Links to Paper and Supplementary Materials

Main Paper (Open Access Version): https://papers.miccai.org/miccai-2025/paper/5171_paper.pdf

SharedIt Link: https://rdcu.be/eHaYv

SpringerLink (DOI): https://doi.org/10.1007/978-3-032-04965-0_48

Supplementary Material: Not Submitted

Link to the Code Repository

N/A

Link to the Dataset(s)

N/A

BibTex

@InProceedings{LeeHyu_Sparse3Diff_MICCAI2025,
        author = { Lee, Hyun Jung AND Jo, Eunjung AND Lim, Minjoo AND Son, Young-Han AND Kang, Bogyeong AND Nam, Hyeonyeong AND Jeong, Ji-Hoon AND Shin, Dong-Hee AND Kam, Tae-Eui},
        title = { { Sparse3Diff: A Diffusion Framework for 3D Reconstruction from Sparse 2D Slices in Volumetric Optical Imaging } },
        booktitle = {proceedings of Medical Image Computing and Computer Assisted Intervention -- MICCAI 2025},
        year = {2025},
        publisher = {Springer Nature Switzerland},
        volume = {LNCS 15963},
        month = {September},
        page = {510 -- 519}
}

Reviews

Review #1

Please describe the contribution of the paper

This paper introduces a new diffusion-based framework for reconstructing 3D volumes from sparse 2D slices by generating intermediate slices between sparse slices. The model integrates z-position information to enhance spatial correspondence between slices, and a self-alignment strategy that fine-tunes the pre-trained model to sufficiently use sparse slices for slice generation. The experiments on three datasets evaluated its effectiveness for sparse 3D volume reconstruction in optical imaging.
Please list the major strengths of the paper: you should highlight a novel formulation, an original way to use data, demonstration of clinical feasibility, a novel application, a particularly strong evaluation, or anything else that is a strong aspect of this work. Please provide details, for instance, if a method is novel, explain what aspect is novel and why this is interesting.
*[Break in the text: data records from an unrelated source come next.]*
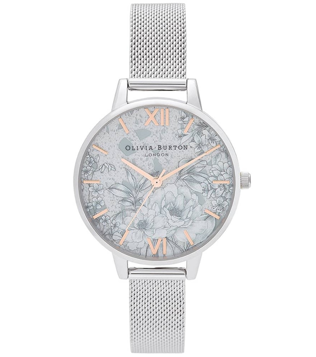 Ceas elegant de damă cu afișaj analogic și motive florale.
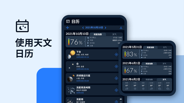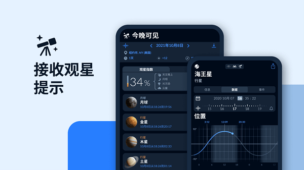 在任何时间和日期设置天文事件提醒,以免错过您感兴趣的日食、满月,恒星与行星配置等。
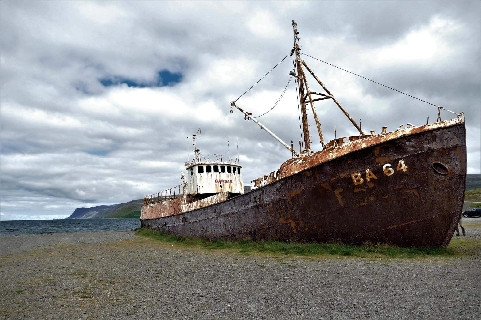 Bald treffen wir auf die BA64, Islands ältestes Stahlschiff, gebaut 1912 und ausgemustert 1981 am Strand und von da an sich selbst überlassen.

The idea of incorporating z-position for conditional diffusion modeling is novel for this z-axis sparse-to-dense reconstruction application.
Please list the major weaknesses of the paper. Please provide details: for instance, if you state that a formulation, way of using data, demonstration of clinical feasibility, or application is not novel, then you must provide specific references to prior work.

1.The paper is not well illustrated and explained, for instance, why V-loss is able to preserve structural details more effectively since V(X_t) just represents a combination of noise and intermediate slice. And what will it happen if the prediction errors of the intermediate slices accumulate? 2.The self-alignment strategy in both Fig.1 and the text is difficult to understand. And the rationality of this strategy is not clearly explained.
Please rate the clarity and organization of this paper

Poor
Please comment on the reproducibility of the paper. Please be aware that providing code and data is a plus, but not a requirement for acceptance.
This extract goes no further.